People who know more than I might say, "Hive drop does not a mite count make."


----------



## Bees of SC (Apr 12, 2013)

Storing the honey frames is the question.. How many frames do you have? Do you have other hives? Do you know someone with a bigger freezer? The bees are gone, can't worry about the now!


----------



## Michael Palmer (Dec 29, 2006)

wishthecuttlefish said:


> Yes, I checked and treated for mites 6 weeks ago. Oxalic acid vapor, two treatments, one week apart. Checked for mites again, mite drop was significantly lower. Decided not to treat a third time. Hive "appeared" strong 2 weeks after last oxalic treatment. I have examined every frame of the three mediums, front to back. Zero sign of emergency queen cells, which I would expect if the hive suddenly went queenless.


No brood at all...not even a few capped cells?


----------



## beepro (Dec 31, 2012)

I guess CCD is still on.


----------



## sqkcrk (Dec 10, 2005)

Bees of SC said:


> Storing the honey frames is the question.. How many frames do you have? Do you have other hives? Do you know someone with a bigger freezer? The bees are gone, can't worry about the now!


I know that MD isn't NY, but I store my honey supers outdoors and covered all Winter. You aught to be able to do that in MD too.


----------



## odfrank (May 13, 2002)

Viral collapse.


----------



## Michael Palmer (Dec 29, 2006)

odfrank said:


> Viral collapse.


I'm thinking the same and why I asked if there weren't a few cells of capped brood.


----------



## HarryVanderpool (Apr 11, 2005)

In my 24 years as a beekeeper, I have seen absconding in one setting and one setting only:
On Beesource!
We run a lot of hives, nucs and raise queens.
We have had, at one time or another every problem that everybody else has had.
Absconding?
I only read about that on Beesource, usually from new beekeepers.
Reminds me of a lady that came to a bee meeting and announced that her first hive that she started in the spring had died of CCD.....

I think we are all better off when attempting to find answers, to describe symptoms and not feel the need to assign a scary name.
Otherwise we start from the position of trying to figure out why or why not...... rather than, "Here is what I observed in the hive, frame by frame, bottom board, on the ground, etc..."


----------



## sqkcrk (Dec 10, 2005)

Dang, Harry. How I wish I had your talent and skill and tact. I have been simply saying that absconding is Bee Ess. The way you put it is much better.

And I love your tag line.


----------



## Dan the bee guy (Jun 18, 2015)

Biggest hazard to bees? Unprepared new beekeepers!!!


----------



## Michael Palmer (Dec 29, 2006)

HarryVanderpool said:


> In my 24 years as a beekeeper, I have seen absconding in one setting and one setting only:
> On Beesource!


Well, here's something additional on absconding, and on BS at that. 

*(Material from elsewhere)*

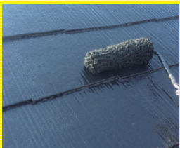
屋根の塗装 1㎡ 3,000円より

I've seen what I think is absconding often enough, always in nucleus colonies. The nuc gets build up into 4x4 configuration with large population. Then in August we get hot humid weather. Too hot and humid for the bees to be able to cool off their cavity. First they beard. If that doesn't help and the conditions persist they leave. What does it look like?

Standing there and watching, the bees pour out of the hive...like a swarm. But, they don't cluster anywhere as a normal swarm would. Rather they fly away and out of sight. Looking in the hive at the brood, there are no queen cells and almost no bees. If you don't discover the situation for a week, you find a small population...young newly emerged bees and the foragers that were in the field when the colony left. There will be emergency cells, not swarm cells.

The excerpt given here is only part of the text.